## To do
In your copy of the entries below, keep every word exactly and leave out all images.

##############################

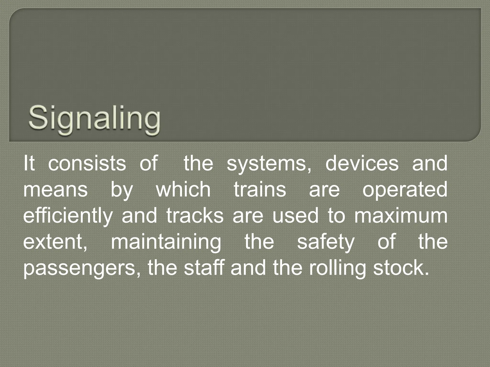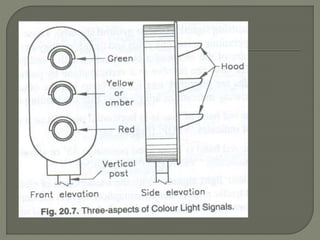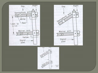 The document discusses different types of railway signaling systems. It describes signals that provide facilities for efficient train movement, ensure safety between trains, and maximize track utility. The key types discussed include detonating signals for fog conditions, fixed visual signals, semaphore signals, warner signals, shunting signals, colored light signals, and reception/departure signals like home and starter signals that control train entry and exit at stations.
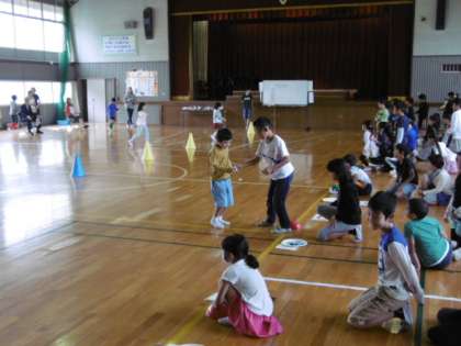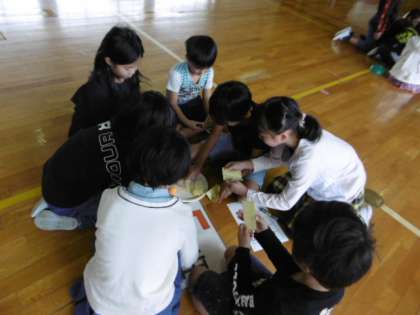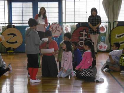 後半は、ゲームをして楽しみました。先生とジャンケンをして勝ったらパスワードの紙がもらえました。静かに始まったこのゲームも、だんだん盛り上がっていきました。全校のみんなで楽しいひと時を過ごすことができました。
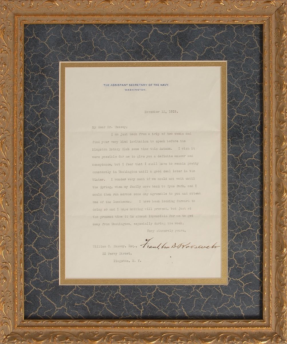 TLS, one page, 7 x 9.25, The Assistant Secretary of the Navy letterhead, November 12, 1919. Letter to William C. Hussey, in full: “I am just back from a trip of two weeks and find your very kind invitation to speak before the Kingston Rotary Club some time this Autumn. I wish it were possible for me to give you a definite answer and acceptance, but I fear that I shall have to remain pretty constantly in Washington until a good deal later in the Winter. I wonder very much if we could not wait until the Spring, when my family move back to Hyde Park, and I could then run across some day agreeable to you and attend one of the luncheons. I have been looking forward to doing so and I hope nothing will prevent, but just as the present time it is almost impossible for me to get away from Washington, especially during the week.” Framed and in fine condition.
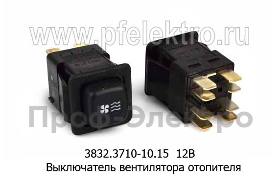 3832.3710-10.15 12В Выключатель вентилятора отопителя для Волга, газ, зил, уаз (2п) (АВАР)
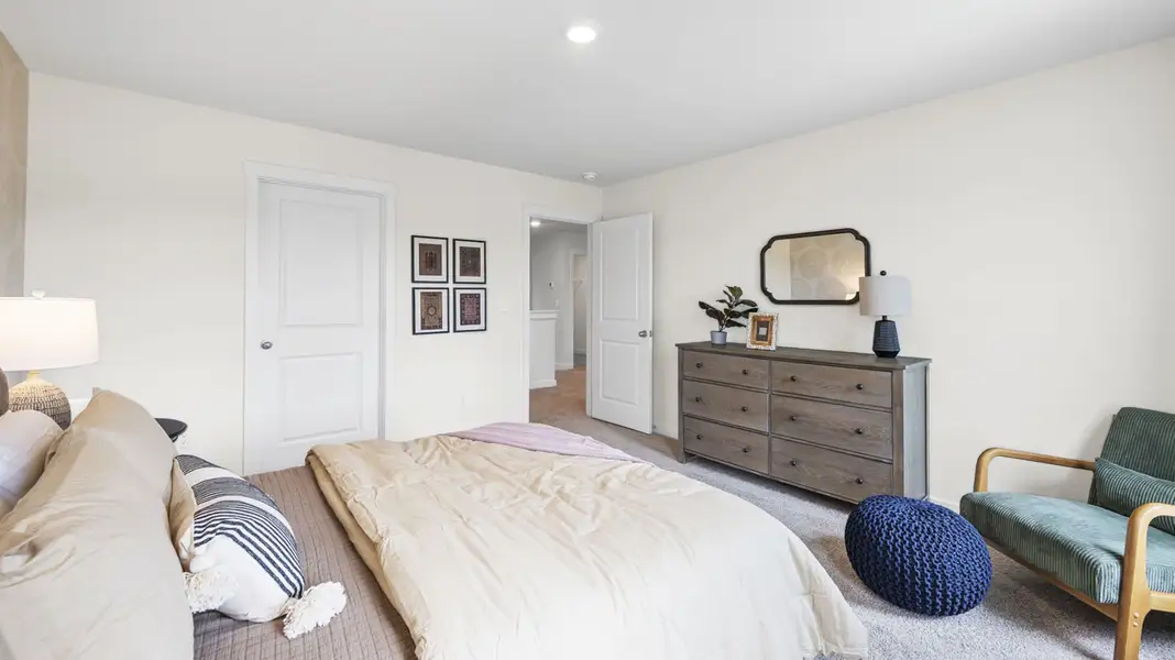 The Hanover floorplan, which is available at 2272 Chelle Drive NE, is one of D.R. Horton's most popular floorplans. The foyer opens into an open-concept main level, which features a spacious kitchen with a pantry and an island with countertop seating that overlooks a dining and living area. Additionally, the downstairs features a half bathroom and a flex room, which could be used as a formal dining space or an office. Upstairs, there is a loft that provides extra space for work and play. The primary bedroom boasts a private bathroom and walk-in closet, while three additional bedrooms share a comfortable bathroom. For convenience, there is also a laundry room upstairs. This floorplan is designed to suit any stage of life. *
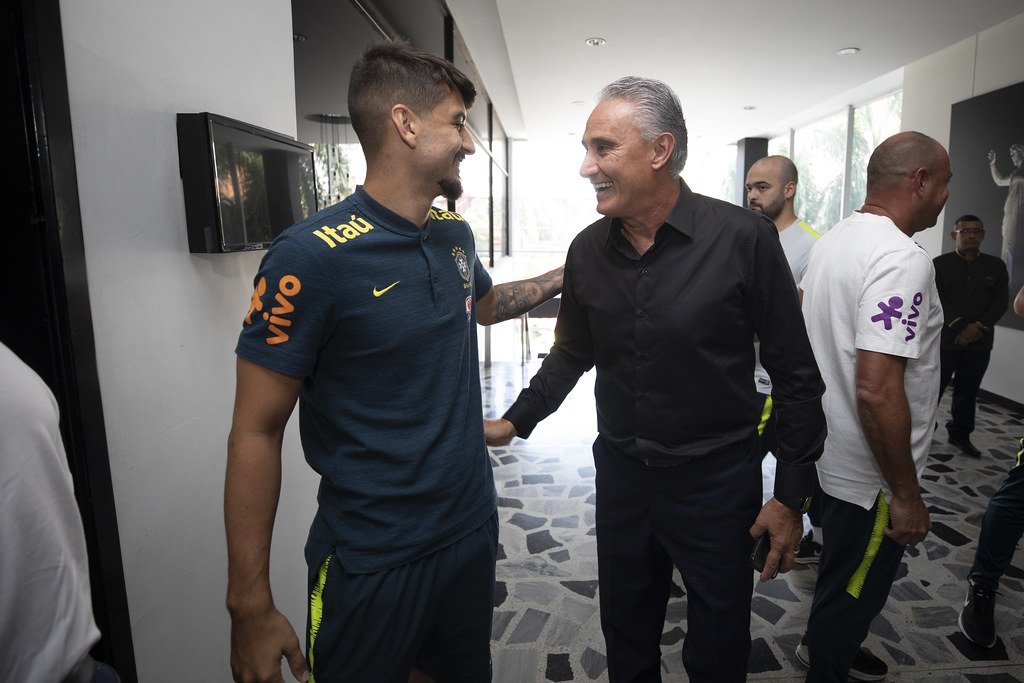 A Seleção Olímpica recebeu a visita do técnico Tite, do presidente Rogério Caboclo e do coordenador Juninho Paulista em Bucaramanga, na Colômbia. Na imagem, o zagueiro vascaíno Ricardo Graça cumprimenta o treinador da Seleção Brasileira principal.
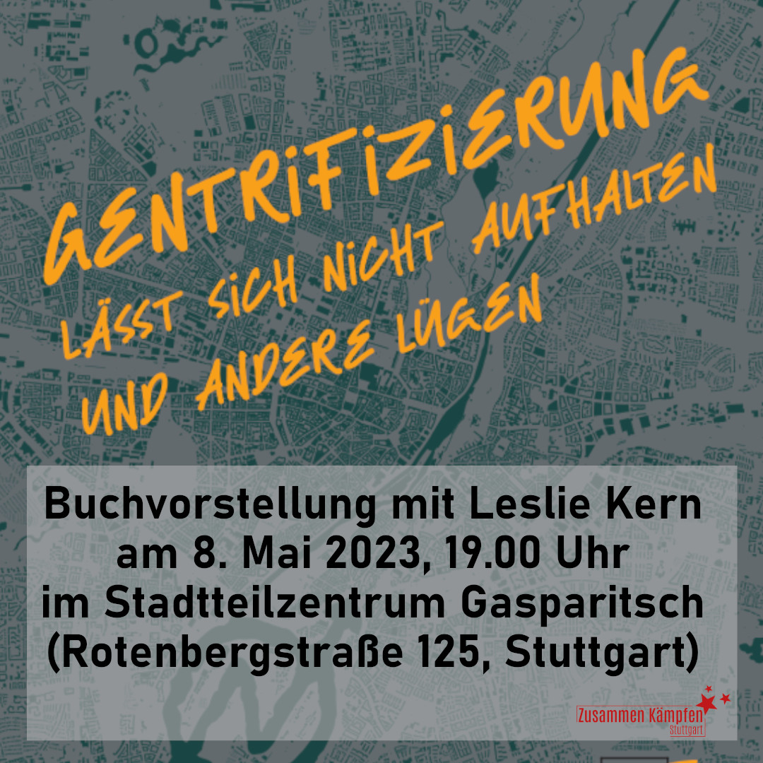 In der Diskussion wollen wir zusammen mit euch darüber sprechen, wie wir Gentrifizierung auch hier in Stuttgart und speziell im Osten erleben. Wie lebt es sich in unserer Stadt und in unserem Viertel? Ist das überhaupt unsere Stadt? Abgebaute Bänke und unbequeme Sitzmöglichkeiten, damit keiner länger verweilen kann, Orte an denen sich Frauen und weiblich gelesene Personen unsicher fühlen und sind, Neubauprojekte wie das EnBW-Areal am Stöckach mit einer Scheinbeteiligung der Anwohner*innen, immer weiter steigende Mieten und vieles mehr. Um das nachhaltige Ziel einer Stadt zu erreichen, die sich nach den Bedürfnissen der Menschen richtet und nicht nach den Profiten, ist es notwendig sich zusammenzuschließen und gemeinsam an vielen Fronten für eine solidarische Stadt für alle zu kämpfen.
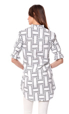 Big Shirt Tunic with Ruffle Sleeves White Geo
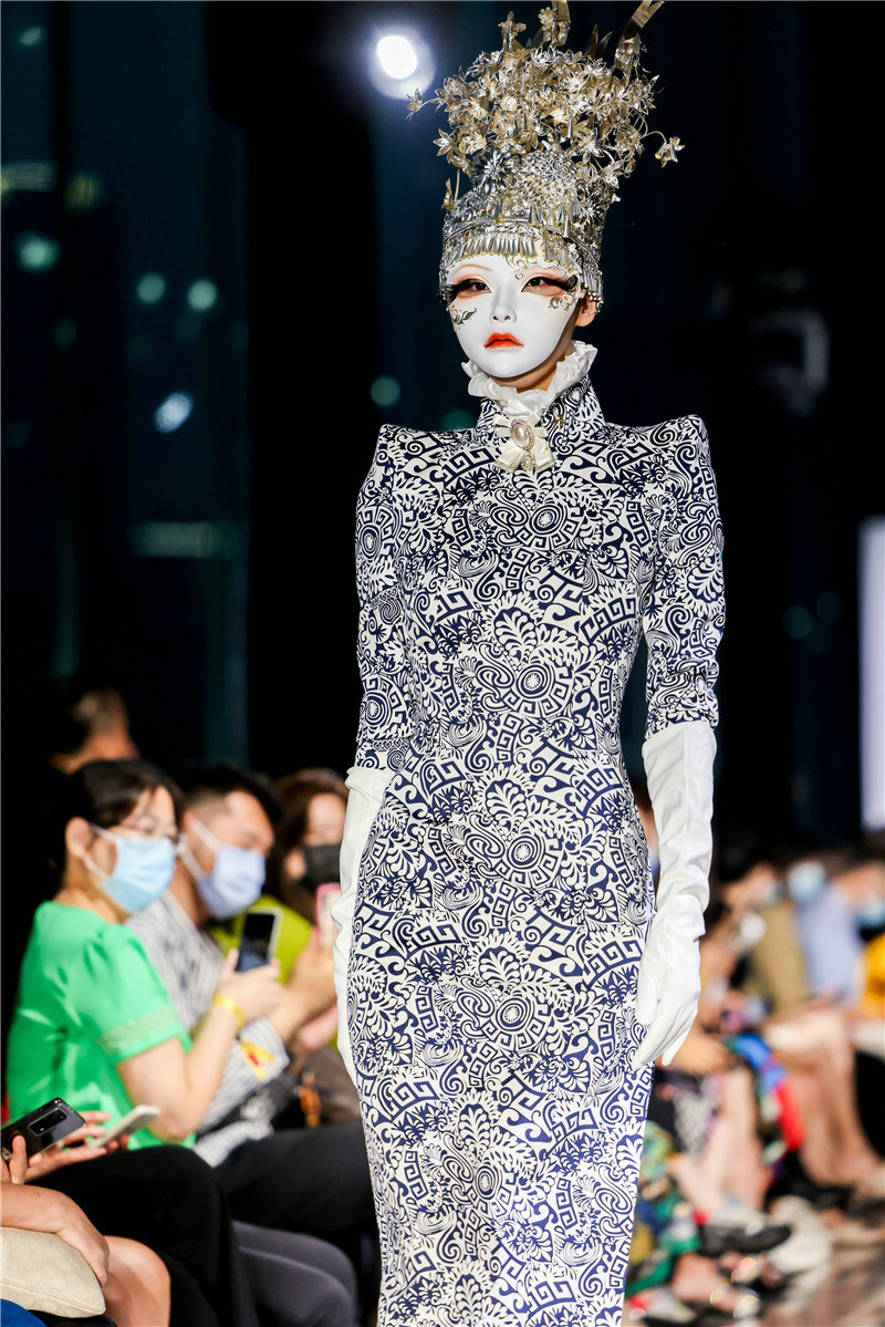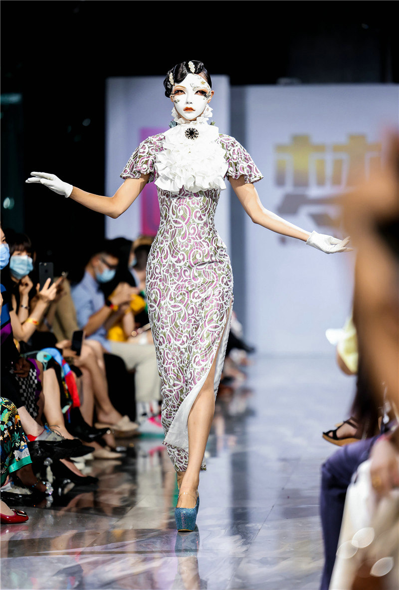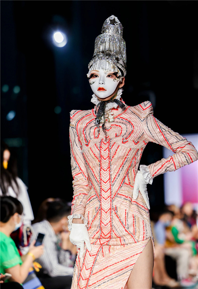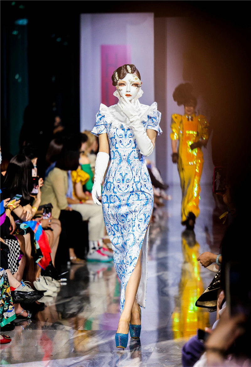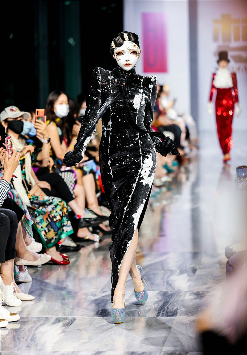 “梦”系列,大胆将东方元素拆解得支离破碎,是一种天马行空地重构。胡社光一直试图将新奇、矛盾、魔幻、能量、情绪等变成视觉语言,将中国文化、东方艺术形式加入到东方传统旗袍中,融合了民族语言、国际审美,让中国时装印象不再局限于单薄的龙凤、祥云等元素,变成一种符合当下生活方式的审美,甚至是一股可以影响全世界的时尚风潮,这是设计师胡社光的时装梦想。
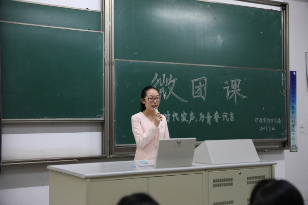 继而,李洋老师讲述了开设微团课的目的,一是为了打破传统团课模式,以学生喜闻乐见的方式传递积极先进的思想意识形态;二是为了切实锻炼全体团员青年的演讲口才,培养学生自我展现能力。
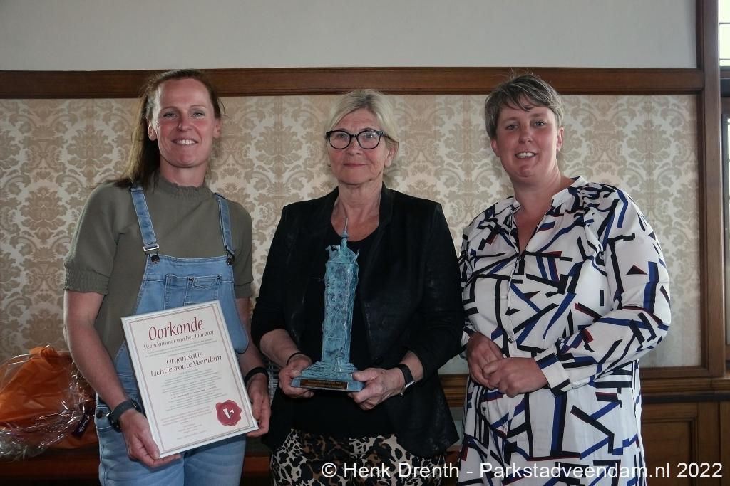 De organisatie van de lichtjesroute Veendam draagt vanaf nu de titel van “Veendammer van het Jaar 2021”. Tijdens een feestelijke bijeenkomst in het gemeentehuis van Veendam is dit bekend gemaakt door de voorzitter van de jury, Max Bentum en burgemeester Berry Link. De organisatie van de Lichtjesroute, bestaande uit Tineke Alders, Ramona Mulder en Ingrid Rengers, zijn tijdens dit feestelijke moment in het zonnetje gezet. Het is de 14de keer dat deze titel is toegekend.

##############################

## Response
 The document discusses different types of railway signaling systems. It describes signals that provide facilities for efficient train movement, ensure safety between trains, and maximize track utility. The key types discussed include detonating signals for fog conditions, fixed visual signals, semaphore signals, warner signals, shunting signals, colored light signals, and reception/departure signals like home and starter signals that control train entry and exit at stations.
 後半は、ゲームをして楽しみました。先生とジャンケンをして勝ったらパスワードの紙がもらえました。静かに始まったこのゲームも、だんだん盛り上がっていきました。全校のみんなで楽しいひと時を過ごすことができました。
 TLS, one page, 7 x 9.25, The Assistant Secretary of the Navy letterhead, November 12, 1919. Letter to William C. Hussey, in full: “I am just back from a trip of two weeks and find your very kind invitation to speak before the Kingston Rotary Club some time this Autumn. I wish it were possible for me to give you a definite answer and acceptance, but I fear that I shall have to remain pretty constantly in Washington until a good deal later in the Winter. I wonder very much if we could not wait until the Spring, when my family move back to Hyde Park, and I could then run across some day agreeable to you and attend one of the luncheons. I have been looking forward to doing so and I hope nothing will prevent, but just as the present time it is almost impossible for me to get away from Washington, especially during the week.” Framed and in fine condition.
 3832.3710-10.15 12В Выключатель вентилятора отопителя для Волга, газ, зил, уаз (2п) (АВАР)
 The Hanover floorplan, which is available at 2272 Chelle Drive NE, is one of D.R. Horton's most popular floorplans. The foyer opens into an open-concept main level, which features a spacious kitchen with a pantry and an island with countertop seating that overlooks a dining and living area. Additionally, the downstairs features a half bathroom and a flex room, which could be used as a formal dining space or an office. Upstairs, there is a loft that provides extra space for work and play. The primary bedroom boasts a private bathroom and walk-in closet, while three additional bedrooms share a comfortable bathroom. For convenience, there is also a laundry room upstairs. This floorplan is designed to suit any stage of life. *
 A Seleção Olímpica recebeu a visita do técnico Tite, do presidente Rogério Caboclo e do coordenador Juninho Paulista em Bucaramanga, na Colômbia. Na imagem, o zagueiro vascaíno Ricardo Graça cumprimenta o treinador da Seleção Brasileira principal.
 In der Diskussion wollen wir zusammen mit euch darüber sprechen, wie wir Gentrifizierung auch hier in Stuttgart und speziell im Osten erleben. Wie lebt es sich in unserer Stadt und in unserem Viertel? Ist das überhaupt unsere Stadt? Abgebaute Bänke und unbequeme Sitzmöglichkeiten, damit keiner länger verweilen kann, Orte an denen sich Frauen und weiblich gelesene Personen unsicher fühlen und sind, Neubauprojekte wie das EnBW-Areal am Stöckach mit einer Scheinbeteiligung der Anwohner*innen, immer weiter steigende Mieten und vieles mehr. Um das nachhaltige Ziel einer Stadt zu erreichen, die sich nach den Bedürfnissen der Menschen richtet und nicht nach den Profiten, ist es notwendig sich zusammenzuschließen und gemeinsam an vielen Fronten für eine solidarische Stadt für alle zu kämpfen.
 Big Shirt Tunic with Ruffle Sleeves White Geo
 “梦”系列,大胆将东方元素拆解得支离破碎,是一种天马行空地重构。胡社光一直试图将新奇、矛盾、魔幻、能量、情绪等变成视觉语言,将中国文化、东方艺术形式加入到东方传统旗袍中,融合了民族语言、国际审美,让中国时装印象不再局限于单薄的龙凤、祥云等元素,变成一种符合当下生活方式的审美,甚至是一股可以影响全世界的时尚风潮,这是设计师胡社光的时装梦想。
 继而,李洋老师讲述了开设微团课的目的,一是为了打破传统团课模式,以学生喜闻乐见的方式传递积极先进的思想意识形态;二是为了切实锻炼全体团员青年的演讲口才,培养学生自我展现能力。
 De organisatie van de lichtjesroute Veendam draagt vanaf nu de titel van “Veendammer van het Jaar 2021”. Tijdens een feestelijke bijeenkomst in het gemeentehuis van Veendam is dit bekend gemaakt door de voorzitter van de jury, Max Bentum en burgemeester Berry Link. De organisatie van de Lichtjesroute, bestaande uit Tineke Alders, Ramona Mulder en Ingrid Rengers, zijn tijdens dit feestelijke moment in het zonnetje gezet. Het is de 14de keer dat deze titel is toegekend.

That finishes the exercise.